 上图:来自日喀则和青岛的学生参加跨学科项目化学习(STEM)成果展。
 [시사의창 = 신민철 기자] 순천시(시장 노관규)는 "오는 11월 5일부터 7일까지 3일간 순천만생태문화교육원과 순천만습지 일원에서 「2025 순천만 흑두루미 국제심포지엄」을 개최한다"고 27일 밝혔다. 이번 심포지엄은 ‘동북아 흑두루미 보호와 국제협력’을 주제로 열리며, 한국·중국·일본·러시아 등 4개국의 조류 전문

---

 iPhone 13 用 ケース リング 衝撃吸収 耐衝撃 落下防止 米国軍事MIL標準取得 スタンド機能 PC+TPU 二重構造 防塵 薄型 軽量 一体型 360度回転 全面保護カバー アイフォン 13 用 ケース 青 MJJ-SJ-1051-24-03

-- Task objective --
Beginning at the line with "上图:来自日喀则和青岛的学生参加跨学科项目化学习(STEM)成果展。" and stopping after the line with "[시사의창 = 신민철", please write out every line of the data above exactly and nothing else.

-- Answer section --
 上图:来自日喀则和青岛的学生参加跨学科项目化学习(STEM)成果展。
 [시사의창 = 신민철 기자] 순천시(시장 노관규)는 "오는 11월 5일부터 7일까지 3일간 순천만생태문화교육원과 순천만습지 일원에서 「2025 순천만 흑두루미 국제심포지엄」을 개최한다"고 27일 밝혔다. 이번 심포지엄은 ‘동북아 흑두루미 보호와 국제협력’을 주제로 열리며, 한국·중국·일본·러시아 등 4개국의 조류 전문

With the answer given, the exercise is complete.